Residents To Decide On New Courthouse
After several years of discussion, Marshall County voters will finally get to weigh in on whether or not they think a new courthouse should be built.
An $8,624,300 general obligation bond issue will appear on the June 2 primary ballot. A majority vote is needed to approve construction of the new building which would be located just south and west of the present courthouse that was constructed in 1908.
County commissioners have said that Marshall County could face the possibility of losing its jail and 911 services if it is not able to update its current facility to meet state code.
Absentee ballots are now available. The state mailed absentee ballot applications to all registered voters this week. Residents may also vote absentee at the courthouse but must call 448-2401 when arriving so that doors can be unlocked to permit entry due to current COVID-19 precautions.
Voters will have the opportunity to go to the polls on June 2. Precincts 1, 8, and 9 will vote at the Britton Area Event Center. Precincts 2 and 3 will vote as usual at the Marshall County Community Building and towns in the county will vote at regular locations.

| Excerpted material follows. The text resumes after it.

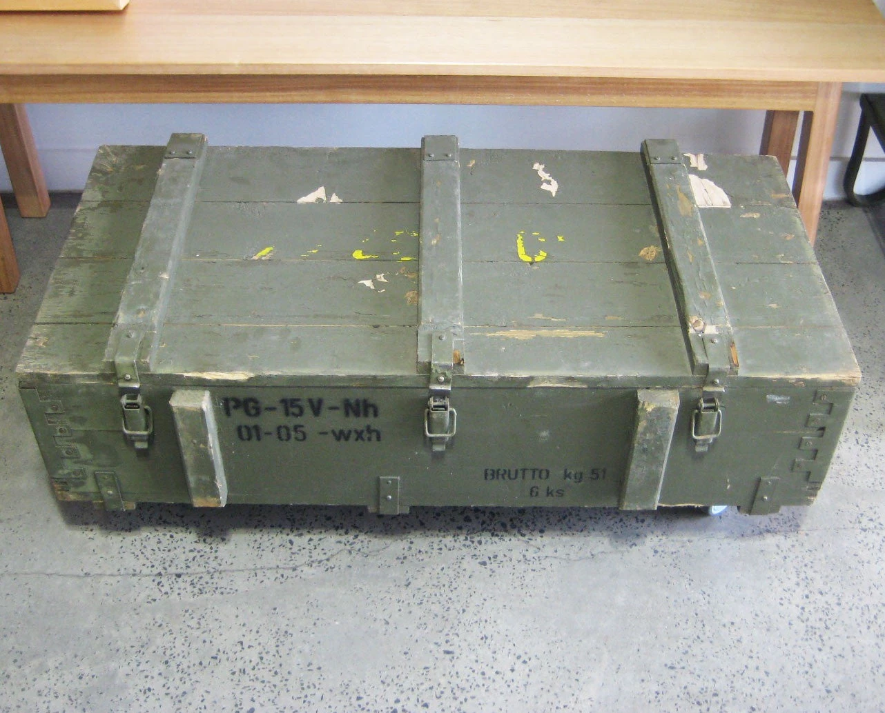 Authentic vintage army trunk with new castors, perfect for a feature coffee table.

Due to COVID-19 concerns there are no plans to hold public meetings on the latest design for the new structure which would include two levels for county offices, law enforcement and 911, a county jail, and courtroom and court services.

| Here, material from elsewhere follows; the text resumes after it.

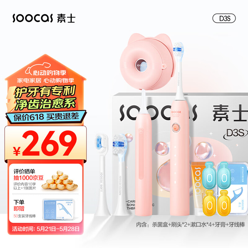 素士 SOOCAS 声波电动牙刷成人 亮白去渍杀菌猫爪刷礼盒 免打孔情侣款 D3S粉 送女友 520情人节礼物价格:292.40元!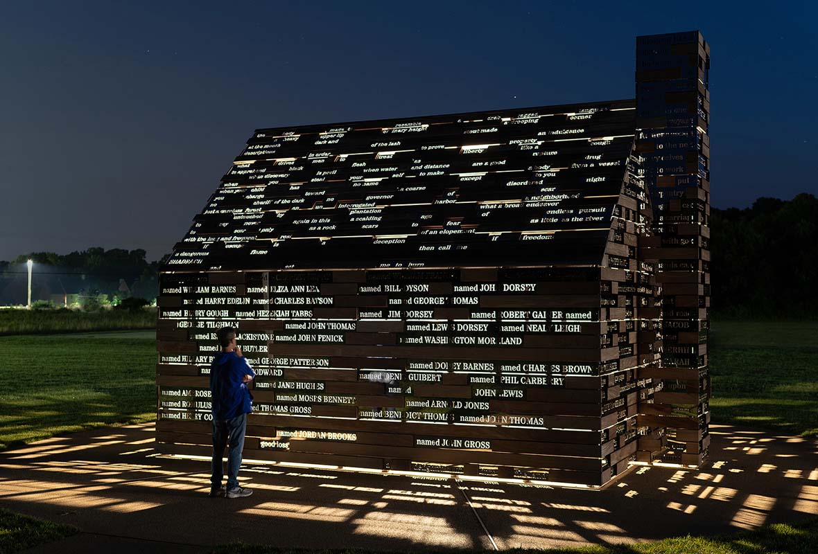 Poet Quenton Baker drew upon actual slave advertisements and runaway slave notices from Southern Maryland to create the redacted words of erasure poetry etched onto the exterior of the Commemorative the College constructed.

The term of the bond would be for 20 years at a 2.5% interest rate. At the 2020 county property value of $1,071,695,777 the average annual levy would be $553,224.
The tax rate per $1,000 of property value would be just a fraction under $.52. That would mean that property valued at $50,000 would be taxed $25.81 annually, and the annual tax on a $400,000 property would be $206.49.

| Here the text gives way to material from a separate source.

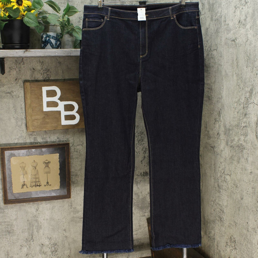 Take on the denim trend of the day with a little fray. These stretch denim jeans also sport a slight boot cut.

In the explanation of the bond issue printed on the ballot the plan includes the demolition and removal of the existing courthouse unless the county commission finds a suitable use that exceeds the cost of the building maintenance. If a suitable use is not found, demolition would likely occur within a year of moving into the new building.
If the bond issue is approved, plans are to let bids this fall or early winter with the beginning of construction to start next spring. Estimates are that it would be about a two-year process from the election until the new building is completed. County offices would continue to operate out of the current courthouse until moving into the new facility.
These architect’s drawings show the first and second floors of the proposed new Marshall County Courthouse, along with a basement storage area. A bond issue for the new facility is on the June 2 primary ballot.